▸ **ASSIGNMENT**: Retype, exactly as they appear below, the lines between the line holding "MULTIUSO: perfetto per" and the line holding "体操 男子種目別あん馬で萱和磨選手が銅メダルを獲得", both ends included.

▸ **SUPPLIED ENTRIES**:
== == ==
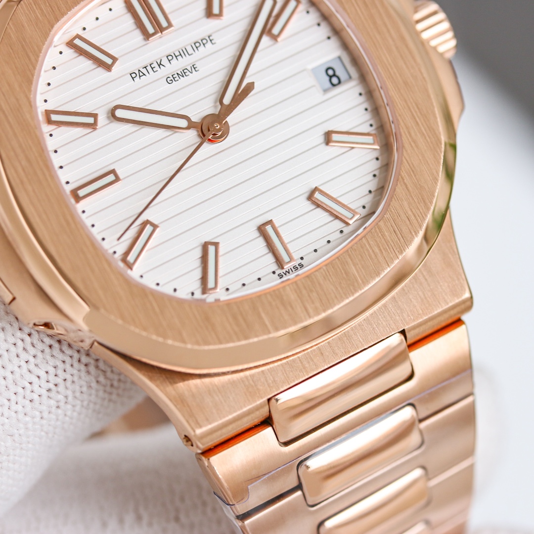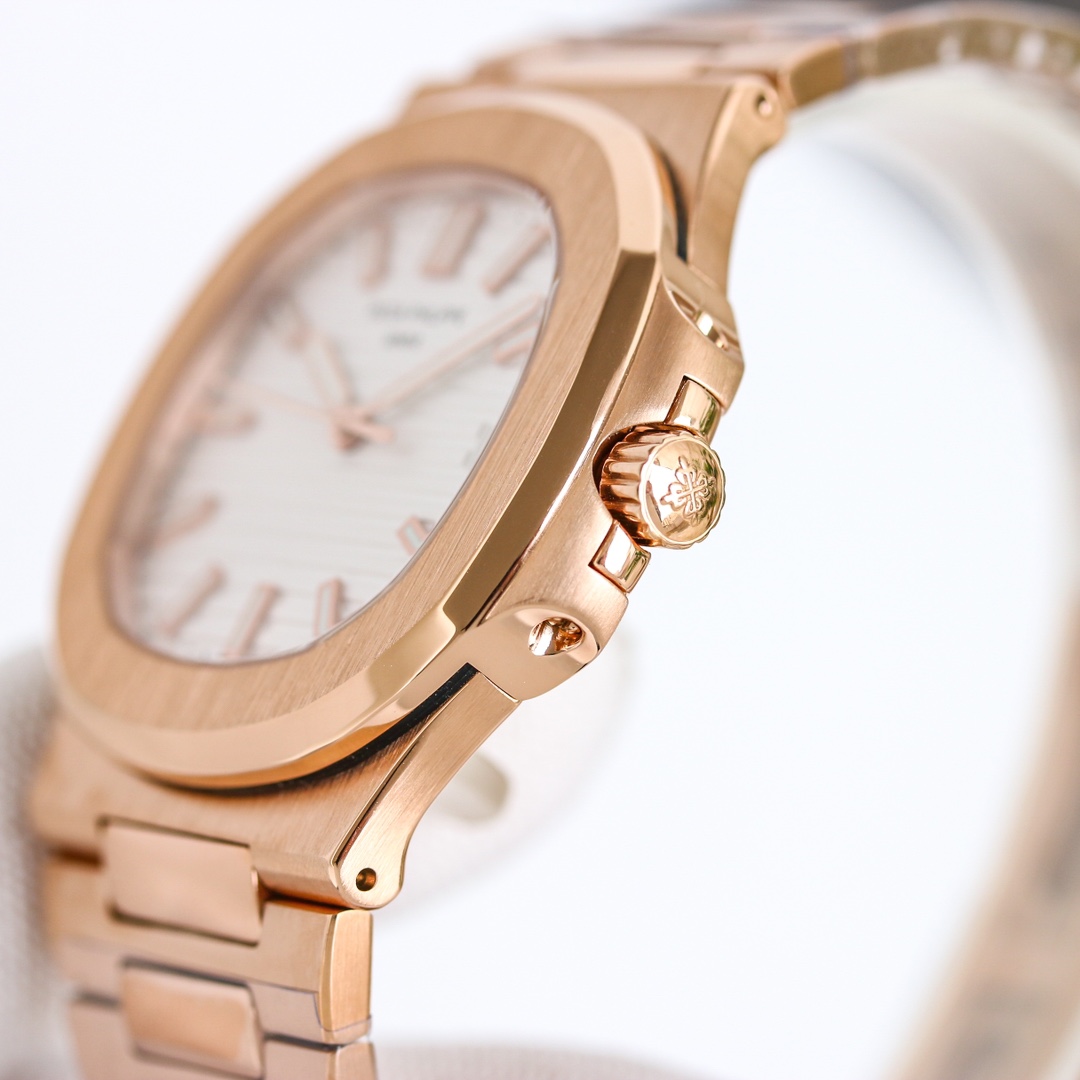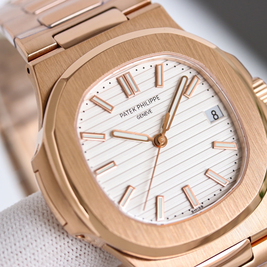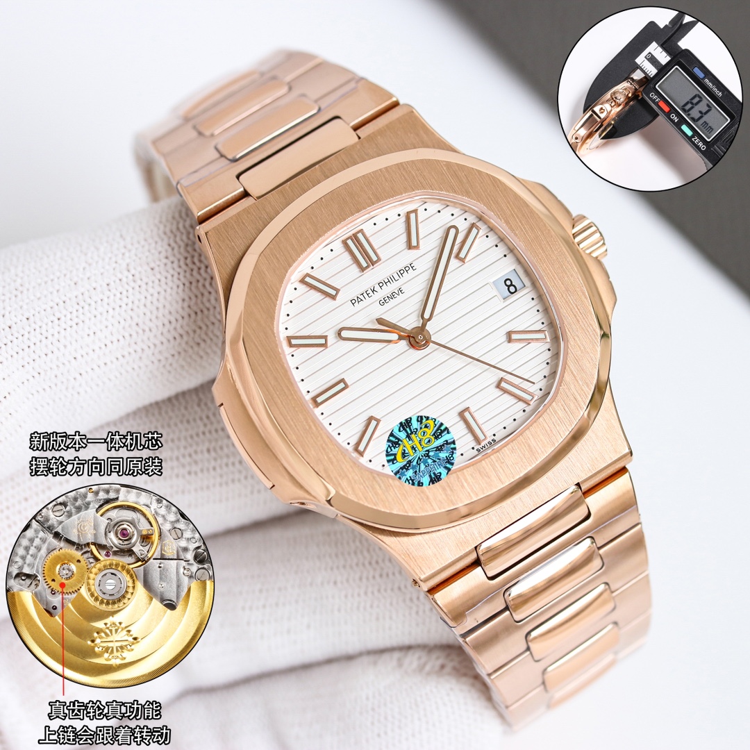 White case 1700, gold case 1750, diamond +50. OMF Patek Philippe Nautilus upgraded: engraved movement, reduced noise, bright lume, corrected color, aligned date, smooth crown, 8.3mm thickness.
== == ==
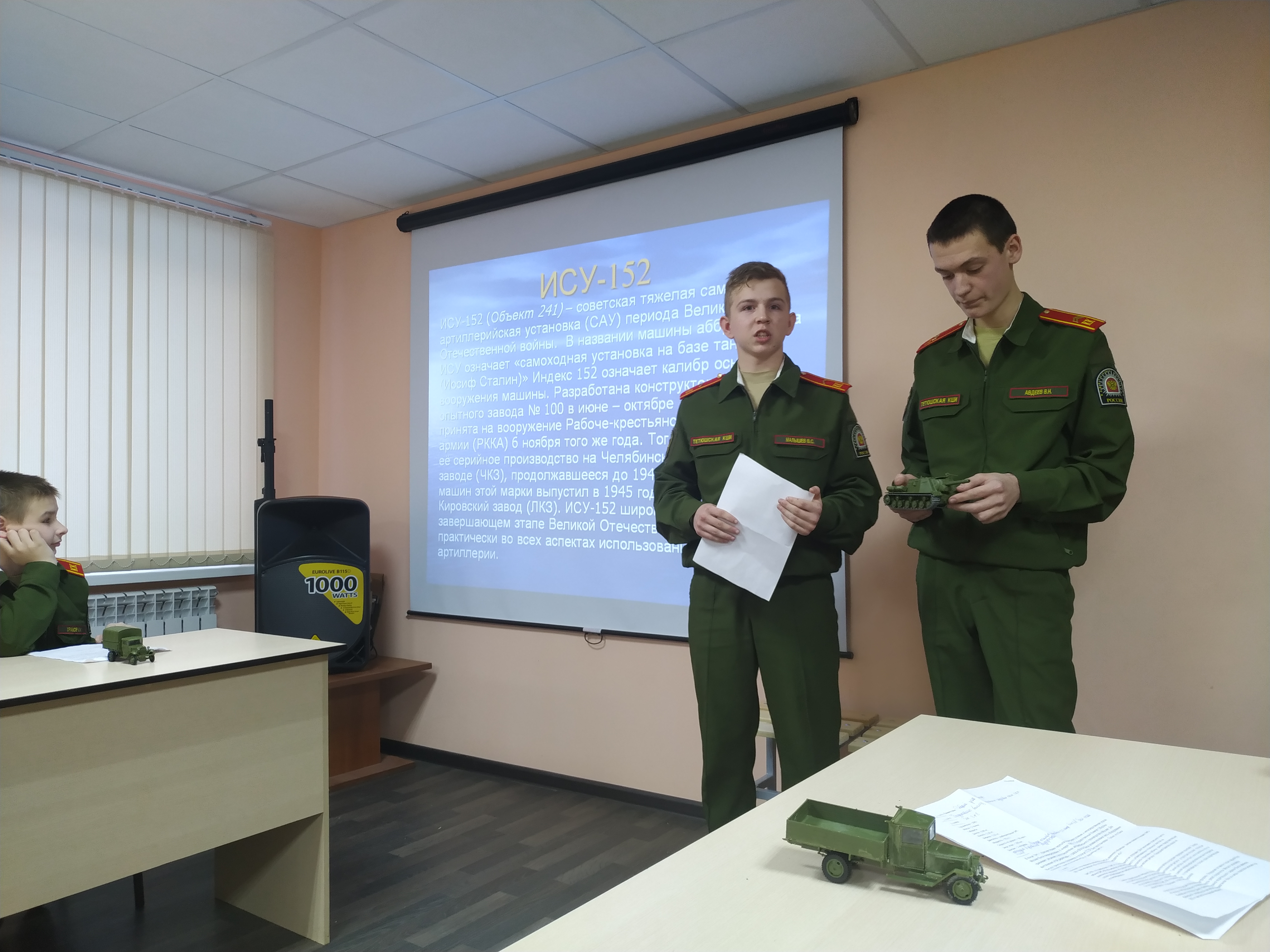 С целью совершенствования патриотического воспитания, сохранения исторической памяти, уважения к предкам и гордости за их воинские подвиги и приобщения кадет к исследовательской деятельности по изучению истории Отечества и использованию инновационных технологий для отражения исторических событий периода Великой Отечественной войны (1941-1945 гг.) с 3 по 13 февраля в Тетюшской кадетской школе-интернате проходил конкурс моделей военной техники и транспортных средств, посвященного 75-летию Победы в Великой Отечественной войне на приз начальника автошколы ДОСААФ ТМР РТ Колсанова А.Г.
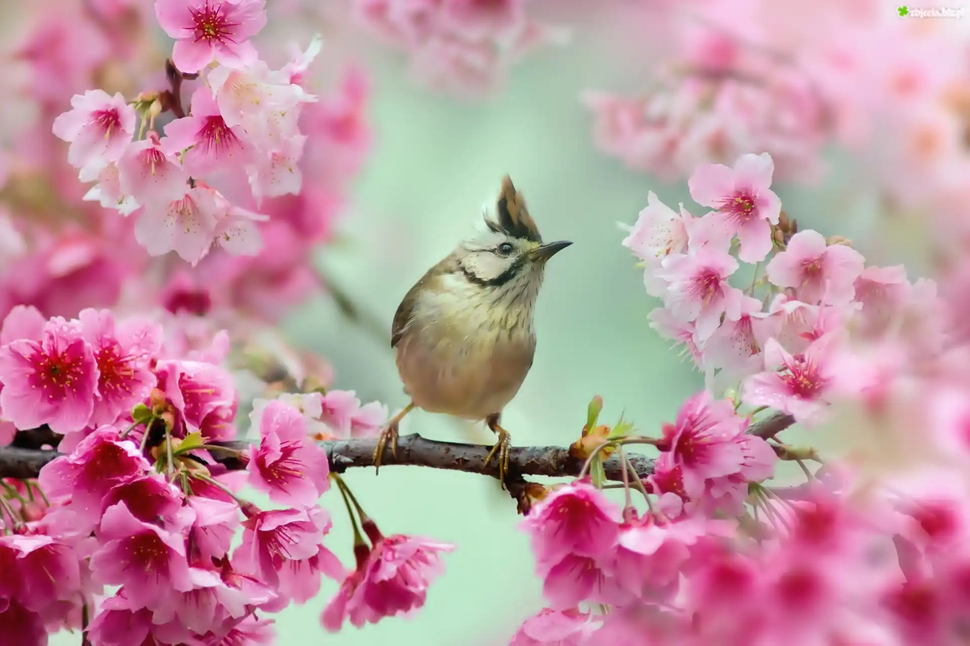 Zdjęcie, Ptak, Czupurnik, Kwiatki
== == ==
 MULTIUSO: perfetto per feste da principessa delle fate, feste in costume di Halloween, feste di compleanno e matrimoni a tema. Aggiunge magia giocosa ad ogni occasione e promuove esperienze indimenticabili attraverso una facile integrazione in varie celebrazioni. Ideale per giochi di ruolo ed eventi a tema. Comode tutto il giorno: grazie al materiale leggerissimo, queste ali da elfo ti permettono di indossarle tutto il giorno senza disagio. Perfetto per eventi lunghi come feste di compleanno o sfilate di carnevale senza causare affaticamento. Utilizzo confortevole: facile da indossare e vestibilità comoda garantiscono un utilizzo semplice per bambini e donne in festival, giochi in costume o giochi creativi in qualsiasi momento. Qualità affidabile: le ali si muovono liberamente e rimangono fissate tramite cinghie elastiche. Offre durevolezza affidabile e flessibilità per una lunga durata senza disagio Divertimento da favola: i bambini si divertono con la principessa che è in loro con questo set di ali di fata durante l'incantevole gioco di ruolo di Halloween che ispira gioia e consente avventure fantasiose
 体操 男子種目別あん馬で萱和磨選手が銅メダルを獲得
== == ==
▸ **ANSWER SPACE**:
 MULTIUSO: perfetto per feste da principessa delle fate, feste in costume di Halloween, feste di compleanno e matrimoni a tema. Aggiunge magia giocosa ad ogni occasione e promuove esperienze indimenticabili attraverso una facile integrazione in varie celebrazioni. Ideale per giochi di ruolo ed eventi a tema. Comode tutto il giorno: grazie al materiale leggerissimo, queste ali da elfo ti permettono di indossarle tutto il giorno senza disagio. Perfetto per eventi lunghi come feste di compleanno o sfilate di carnevale senza causare affaticamento. Utilizzo confortevole: facile da indossare e vestibilità comoda garantiscono un utilizzo semplice per bambini e donne in festival, giochi in costume o giochi creativi in qualsiasi momento. Qualità affidabile: le ali si muovono liberamente e rimangono fissate tramite cinghie elastiche. Offre durevolezza affidabile e flessibilità per una lunga durata senza disagio Divertimento da favola: i bambini si divertono con la principessa che è in loro con questo set di ali di fata durante l'incantevole gioco di ruolo di Halloween che ispira gioia e consente avventure fantasiose
 体操 男子種目別あん馬で萱和磨選手が銅メダルを獲得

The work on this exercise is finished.